Jeramey Jannene
Eyes on Milwaukee

Couture Plans August 2023 Completion

City agreement requires groundbreaking for 44-story lakefront tower by February 1st.

By - Dec 8th, 2020 05:14 pm
The Couture transit concourse. Rendering by RINKA.

The Couture transit concourse. Rendering by RINKA.

Milwaukee’s tallest and most expensive apartment building ever, the 44-story The Couture is scheduled for a groundbreaking by February 1st and completion of construction by August 2023.

That’s according to Department of City Development representative Lori Lutzka and details in a new contract, set to be signed by the city and Barrett Lo Visionary Development.

Lutzka presented a revised city funding agreement to the Common Council’s Zoning, Neighborhoods & Development Committee on Tuesday morning. Without asking any questions, the committee unanimously endorsed the proposal. The full council is scheduled to consider the proposal on December 15th.

The development, located at 909 E. Michigan St., will include more than 300 high-end apartments, approximately 900 parking stalls, 50,000 square feet of commercial space and a public transit concourse for The Hop and East-West bus rapid transit line in its base.

Barrett Lo recently secured the necessary federal loan guarantee to advance the $185 million development.

“This was the last approval needed to complete the capital stack and move the project towards closing and groundbreaking,” said Lutzka. The project was first proposed in 2012, but faced a number of legal and financial challenges to get to this point.

The city, through a tax incremental financing district, will provide Barrett Lo Visionary Development with $19.5 million in grants to advance the project. It approved the financial obligation in 2017.

The funds, to be repaid by future property tax revenue from the development, are largely devoted to financing the transit concourse and public amenities in the three-story base ($17.5 million in costs) and relocating a city-owned sewer that bisects the property ($1.5 million).

The funds would be provided on a reimbursement basis.

In exchange, Barrett Lo will enter into a minimum assessed value agreement with the city. The agreement is intended to ensure that the value of the property is high enough to pay back the public funds used to support its construction.

The minimum value of the property would be $1.1 million in 2021, an amount that would grow to $38.3 million in 2024, the tax year after the building is completed and $67.3 million by 2041.

If all goes according to plan, the property would exceed those valuations.
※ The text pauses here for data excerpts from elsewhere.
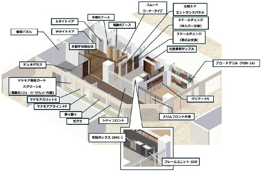 今回の新設に伴い、2024年8月にグッドデザイン賞を受賞したガラスパーティション「デュオグラス」をはじめ、トイレブース「RブースTR40電動タイプ」などの新しい商品やマンションドア、窓シャッターといったさまざまな商品を展示しています。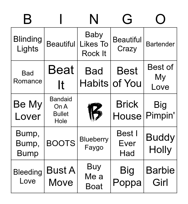 This bingo card has a free space and 77 words: Baby Blue, Baby Got Back, Baby Likes To Rock It, Baby Love, Baby Shark, Baby, I Love You, Back In Black, Back That Thang Up, Back When, Bad At Love, Bad Day, Bad Girls, Bad Habits, Bad Romance, Bad To The Bone, Bandaid On A Bullet Hole, Bang Bang, Barbie Girl, Barefoot And Crazy, Bartender, Be My Baby Tonight, Be My Lover, Beat It, Beautiful, Beautiful Crazy, Beautiful Day, Beautiful Girls, Because You Loved Me, Beer For My Horses, Before He Cheats, Believe, Believer, Bennie And The Jets, Best I Ever Had, Best of My Love, Best of You, Big Girls Don't Cry, Big Green Tractor, Big Pimpin', Big Poppa, Bills, Bills, Bills, Black, Black Hole Sun, Black Magic Woman, Blame It, Blame It on the Rain, Bleeding Love, Blinding Lights, Blue (Da Ba Dee), Blue Ain't Your Color, Blue Suede Shoes, Blueberry Faygo, Blueberry Hill, Bluebird, Blurred Lines, Bohemian Rhapsody, Boogie Oogie Oogie, Boogie Shoes, Boombastic, Boot Scootin' Boogie, BOOTS, Born Free, Born This Way, Boulevard of Broken Dreams, Brand New Man, Brass Monkey, Breathe Again, Brick House, Bring Em Out, Broadway Girls, Bubba Shot The Jukebox, Buddy Holly, Bump, Bump, Bump, Bust A Move, Buy Dirt, Buy Me a Boat and Bye Bye Love.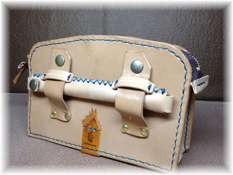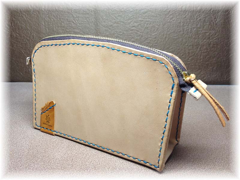 ヌメ革ならではの素材の馴染む楽しみをと、お使いになる化粧道具の収納位置を革に型付けるように「ガンガン使う化粧ポーチ」コンセプトにしました。

A 2017 report estimated the property would reach an assessed value of $77 million once initial leasing is completed.

Should Barrett Lo, or a successor, not make the required payments the city would be able to levy a special assessment against the property. The city could foreclose on the building for unpaid property taxes.

Because it is accepting over $1 million in TIF funds, Barrett Lo, architecture firm RINKA and general contractor J.H. Findorff & Son Inc. will also need to meet hiring and professional services benchmarks. At least 40% of the project’s construction work hours must be completed by unemployed or underemployed city residents. At least 25% of the project’s contracts, by value, must go to certified small businesses owned by minorities or members of other disadvantaged communities.

Barrett Lo and Findorff will also need to meet a number of benchmarks to allow the city to place The Hop extension into service by June 30th, 2022.

The developer is required to deliver the space necessary for the streetcar outside of the transit concourse by April 1st, 2022. The streetcar track will loop through the building’s base, with Barrett Lo required to turn over the transit concourse by May 1st. It must provide accessible connections to the area’s public sidewalks by June 30th so the city can make its July 31st deadline to submit reimbursement requests for its $14.2 million federal grant backing the streetcar.

The city will ultimately own the transit concourse as a condominium unit. And Milwaukee County will have a lease with the city to use the space for its rapid transit line.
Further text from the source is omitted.